The prehistory of Superman suggests the limitations of that template, however. Before Siegel and Shuster created their superhero, they wrote and illustrated a 1933 science-fiction tale called “The Reign of the Superman” about a very different kind of superior being. The story involves a mad scientist performing an experiment that gives a lowly man superhuman intelligence and telepathic powers, which this “superman” intends to use to subjugate the human race. Serious literature and genre fiction alike had been exploring the implications of “supermen” and master races more evolved than humanity since the late nineteenth century. These tales were often warnings or tragedies, such as the 1930 novel that prefigured Siegel and Shuster’s superhero Superman in many ways, Philip Wylie’s Gladiator.
What made the comic-book Superman a defender of humanity rather than an outcast (like Wylie’s protagonist) or would-be conqueror (like Siegel and Shuster’s first sci-fi superman) was his assimilation into Kansas and America as the land of the free. But today’s left-liberals don’t think of Kansas or Middle America as metonyms for decency and simple goodness. Nor do they believe that assimilation is an ideal worth pursuing—identity politics instead prescribes maximum alienation from any traditional model of Americanism.

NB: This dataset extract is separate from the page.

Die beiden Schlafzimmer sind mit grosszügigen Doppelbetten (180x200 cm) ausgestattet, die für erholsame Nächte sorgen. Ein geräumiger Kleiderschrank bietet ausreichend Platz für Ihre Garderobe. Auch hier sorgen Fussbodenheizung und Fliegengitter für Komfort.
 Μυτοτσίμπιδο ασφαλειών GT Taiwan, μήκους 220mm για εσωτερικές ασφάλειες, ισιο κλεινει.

An immigrant from the planet Krypton would today be told by activists in what was once the party of the New Deal that America is a place to be ashamed of and “truth, justice, and the American way” a contradiction in terms. Instead of confidence that American liberalism will overcome any foe at home or abroad, the modern left-liberal fears that fascism has already taken over this country.
Superman doesn’t make any sense in this context. But instead of taking this situation as a challenge, Gunn has resorted to making the most generic superhero movie possible. His characterless protagonist is defined by being unexceptional, and in place of a robust midcentury liberalism (whatever its faults), this not-so-Superman’s creed is bland sentimentality. That makes for a weak film: a Superman that shows how little is left of the spirit that made Superman possible in the first place.

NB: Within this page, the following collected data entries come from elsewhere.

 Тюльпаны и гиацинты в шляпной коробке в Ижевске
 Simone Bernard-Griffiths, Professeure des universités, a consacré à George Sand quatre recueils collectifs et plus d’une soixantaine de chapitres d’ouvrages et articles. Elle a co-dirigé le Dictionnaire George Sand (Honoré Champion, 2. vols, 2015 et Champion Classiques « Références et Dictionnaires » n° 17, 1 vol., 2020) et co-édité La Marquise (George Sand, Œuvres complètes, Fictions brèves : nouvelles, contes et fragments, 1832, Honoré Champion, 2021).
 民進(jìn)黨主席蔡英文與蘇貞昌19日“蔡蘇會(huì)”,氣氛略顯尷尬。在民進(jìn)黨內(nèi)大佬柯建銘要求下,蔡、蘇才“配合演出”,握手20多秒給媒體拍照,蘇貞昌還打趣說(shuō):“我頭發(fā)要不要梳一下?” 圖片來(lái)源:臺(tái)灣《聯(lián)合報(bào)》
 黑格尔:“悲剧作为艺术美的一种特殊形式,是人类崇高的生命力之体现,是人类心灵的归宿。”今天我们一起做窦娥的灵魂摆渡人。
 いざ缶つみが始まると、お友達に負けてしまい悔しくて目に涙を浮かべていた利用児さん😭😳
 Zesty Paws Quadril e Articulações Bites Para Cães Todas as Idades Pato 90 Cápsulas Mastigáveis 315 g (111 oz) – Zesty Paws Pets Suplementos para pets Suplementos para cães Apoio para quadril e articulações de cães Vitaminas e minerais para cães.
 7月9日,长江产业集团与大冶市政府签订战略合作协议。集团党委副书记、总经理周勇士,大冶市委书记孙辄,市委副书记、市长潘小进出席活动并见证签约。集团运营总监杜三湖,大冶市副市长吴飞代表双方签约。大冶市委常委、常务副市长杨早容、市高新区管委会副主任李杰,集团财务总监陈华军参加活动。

At a time when the American right is also moving away from twentieth-century liberal ideals, turning away from globalism toward a Kansas First, Ohio First, America First perspective—and in the case of online “influencers” and transhumanist tech barons, turning away from equality and democracy in favor of seemingly Nietzschean “superman” values—a film that takes seriously the problem of reconciling the exceptional with the egalitarian and the patriotic with the universal would hold some merit just for asking the right questions. Even a comic book movie could do it. This one, however, exists only to sell popcorn.